That said, it should be possible to schedule some sort of backup without extra software but a lot depends on the OS it is running, what you actually want to achieve (simple file level backup of user data or restorable full disc image), what protocols you're using on the NAS, what file system you're using on the NAS, how you have your NAS users set up, and other factors.

A full backup over your network is also going to be a lot slower than backing up to a drive locally connected to the PC - speed is limited by the slowedt link in the chain which is most probably your netwotk.

If it's primarily user data not the OS and programs/applications you want to back up I'd come at things from the other end: Keep those files on the NAS (on a Linux filesystem with proper users configured not guest access) and handle the daily/weekly backup from there. cron and rsync can handle that entirely on the NAS. rsync and cron can backup the NAS OS too.

I can't comment on the iOS devices as I don't have any.

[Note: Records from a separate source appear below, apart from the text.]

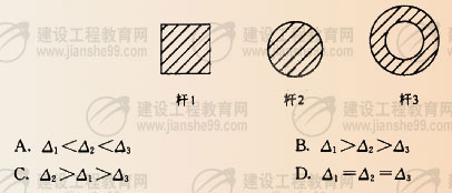 6、三根桿件,截面面積、桿件長度、材質(zhì)均相同,截面形狀如下圖所示,當(dāng)桿件兩端受相同的軸向拉力時(shí)各桿件的伸長量分別為Δ1、Δ2、Δ3,關(guān)于三者的關(guān)系,以下哪一種正確?( )
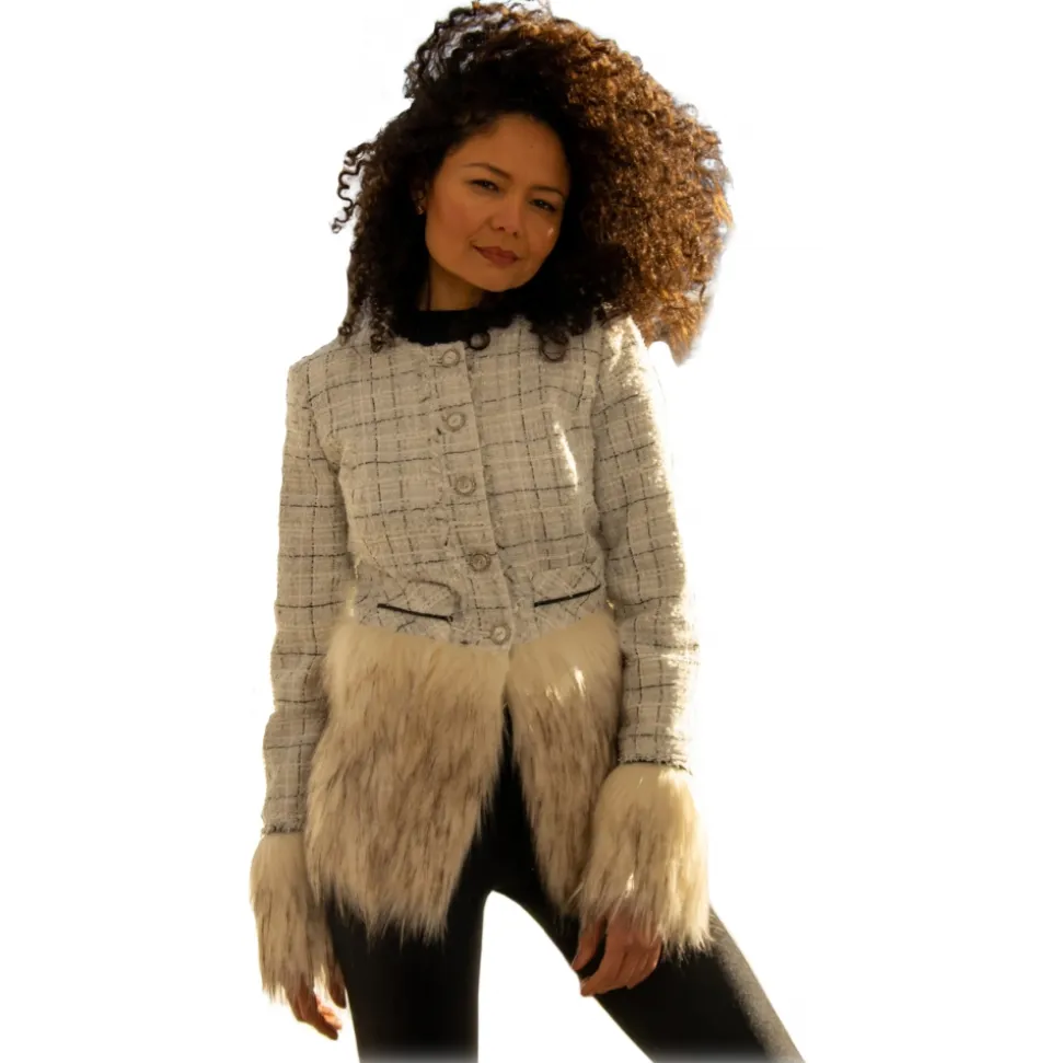 Miriam Tirinzoni – Jacket with Matching Faux Fur Details – Cream – Jacket – Luxury Exclusive Collection
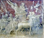 The attribution of the frescoes in the chapel to Pintoricchio was first made in 1848, but it is now generally accepted. (The frieze described above might have been inspired by that designed by Pintoricchio in ca. 1492 for the Borgia apartments in the Vatican).
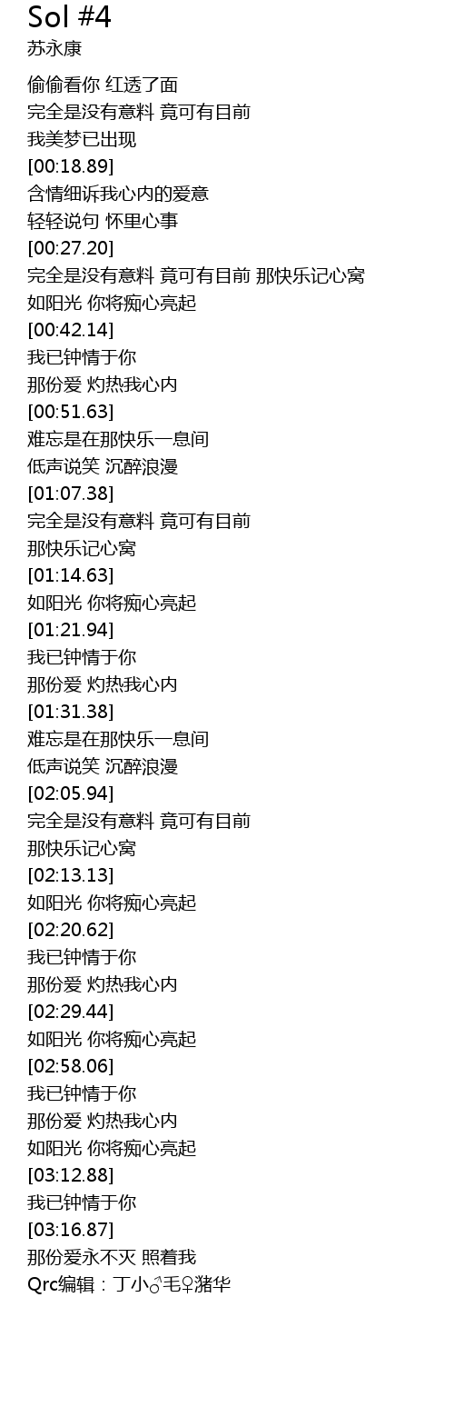 | [00:20.20] | 含情细诉我心内的爱意 |

FWIW, this is my current set up (CM4 based NAS, NFS and Samba, multiple internal drives):
  • Data on my PC that needs to be backed up but doesn't change often (not for weeks or months) stays on the PC and gets backed up as required to a directly connected (via eSATA) RAID1 HDD enclosure.
  • Data that does change more often lives on the NAS on a btrfs* partition. Clients mount it over NFS or SMB/CIFS depending on their OS (and occasionally vis sshfs or sftp too).
  • Every night the NAS snapshots the btrfs partition then rsyncs that to a different HDD. It does the same for the OS but that's a little more complex. It then cleans up older backups and snapshots (dalies are kept for a week, weeklies for a month, etc)
  • Data that is not irreplacable (legally downloaded video and music for example) isn't backed up. Redownloading would be tedious but it does keep duration and costs of the backup down.
Because the files are on the NAS (which is always on) clients can be off when the backup is scheduled.